------ INFORMATION SHOWN ------
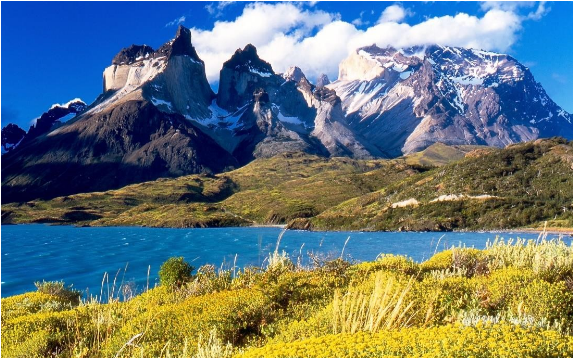
Torres del Paine

There is also terrific wildlife-watching in Torres del Paine, where majestic condors can be seen wheeling in the pristine skies overhead. While trekking visitors will come across foxes, huemules (Andean deer) and guanacos along the way, and if they lie in wait patiently, they might be lucky enough to spot the reclusive puma.
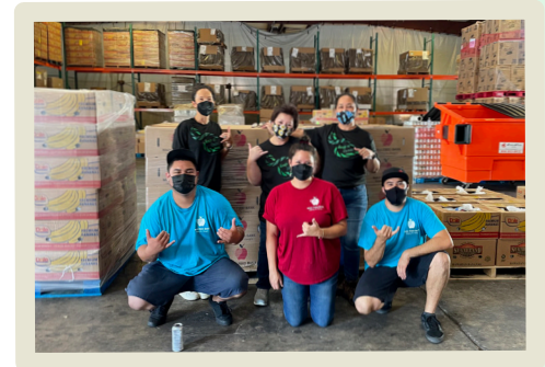
Since 2017, we've helped the Maui Food Bank in various ways including food drives, monetary donations and volunteering regularly.

If you'd like to nominate a nonprofit organization for support, please email hello@mauicountyfcu.org . Qualifying nonprofits must be a 501(c)3 designated organization located in the County of Maui, must be nominated by a Maui County FCU member, and cannot have been a nonprofit selected within the previous 24 months.
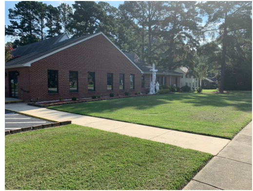
St. Jude Catholic Church 1014 Clay St., Franklin, VA 23851

Office: (757)569-9600 www.stjudefranklin.org Fax: (757)304-9338
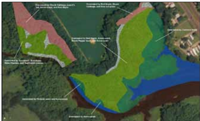
Presentations to regulators, policymakers, and the public
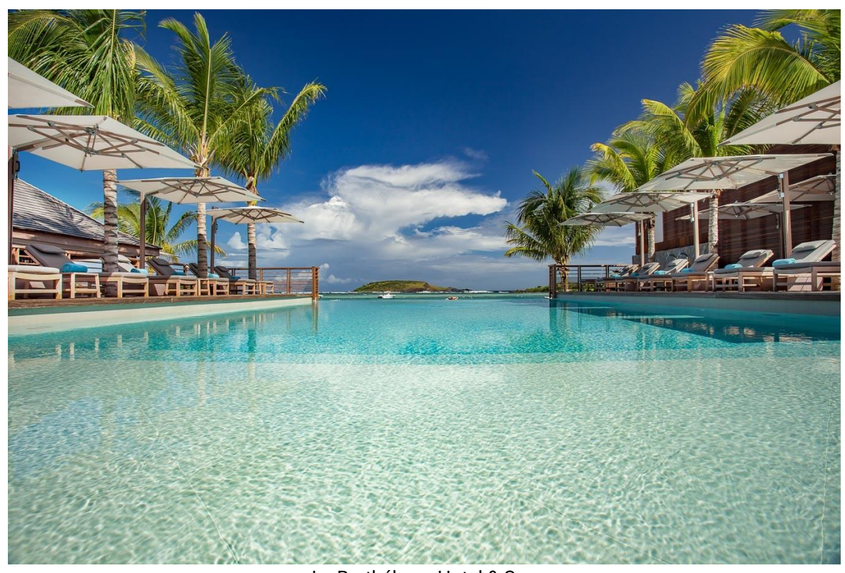
Le Barthélemy Hotel & Spa
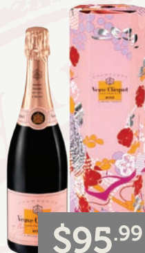
Veuve Clicquot Shakkei Rose Brut NV
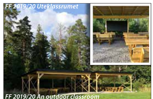
FF 2019/20 Uteklassrummet
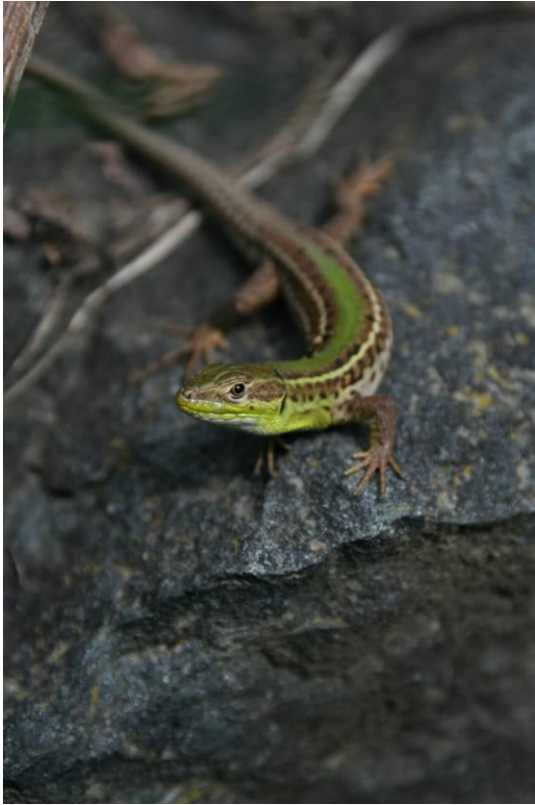
Balkan Wall Lizard, Strandja
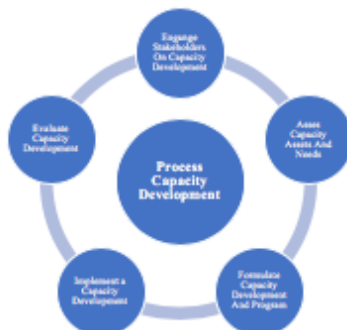
Figure 1: Capacity Development Process

Capacity development is a sustainable ongoing process on a long-term basis so then the learning group target can improve their capability. It is related to the learning that is ongoing within individuals, groups and communities. There are five processes within the capacity development according to the United Nations Development Program (UNDP, 2009), namely engaging the stakeholders in capacity development, assessing the capacity assets and needs, formulating the capacity development and program, implementing capacity development and evaluating capacity development. The following figure explains the capacity development process.
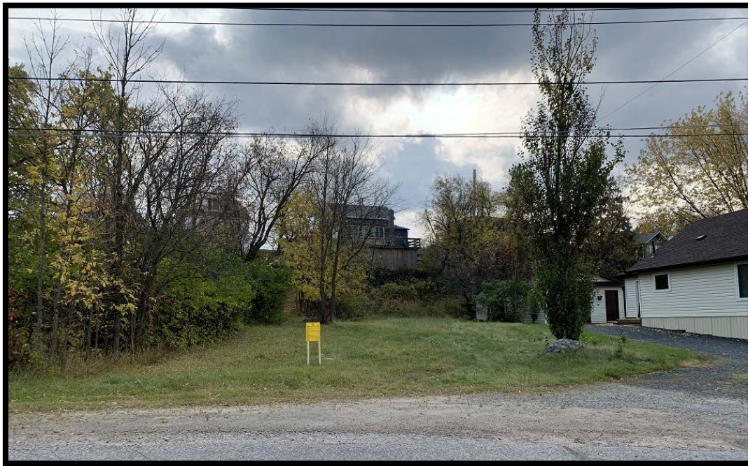
Figure 2 – Photo of the property from Nelson Street.

On October 12, 2022, I conducted a site visit and took the following photo.
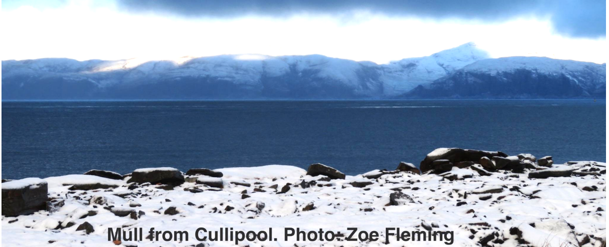
Mull from Cullipool.
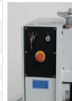
FM 1S software control
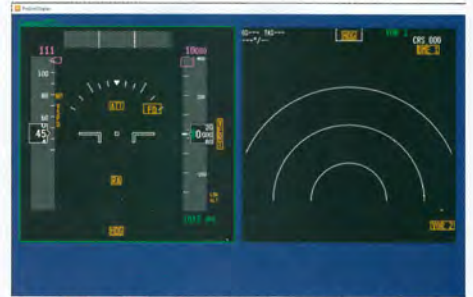
The ProSim Display is used to align the MFDs to your monitors.

Once the software is installed and integrated with the hardware, the IOS program allows you to setup and operate the aircraft without recourse to the flight simulation menus. So,
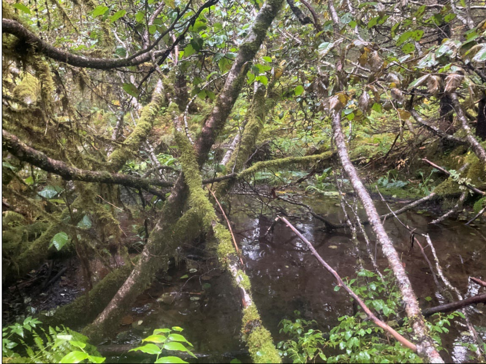
Figure 2.—Ponded area at upper extent of the stream.
------
> _REQUIRED WORK_:
Write out, exactly and with nothing added, every line from the one that holds "Capacity development is" to the end of the entries above; pictures stay out.

> _ANSWER TO THE PROBLEM_:
Capacity development is a sustainable ongoing process on a long-term basis so then the learning group target can improve their capability. It is related to the learning that is ongoing within individuals, groups and communities. There are five processes within the capacity development according to the United Nations Development Program (UNDP, 2009), namely engaging the stakeholders in capacity development, assessing the capacity assets and needs, formulating the capacity development and program, implementing capacity development and evaluating capacity development. The following figure explains the capacity development process.
Figure 2 – Photo of the property from Nelson Street.

On October 12, 2022, I conducted a site visit and took the following photo.
Mull from Cullipool.
FM 1S software control
The ProSim Display is used to align the MFDs to your monitors.

Once the software is installed and integrated with the hardware, the IOS program allows you to setup and operate the aircraft without recourse to the flight simulation menus. So,
Figure 2.—Ponded area at upper extent of the stream.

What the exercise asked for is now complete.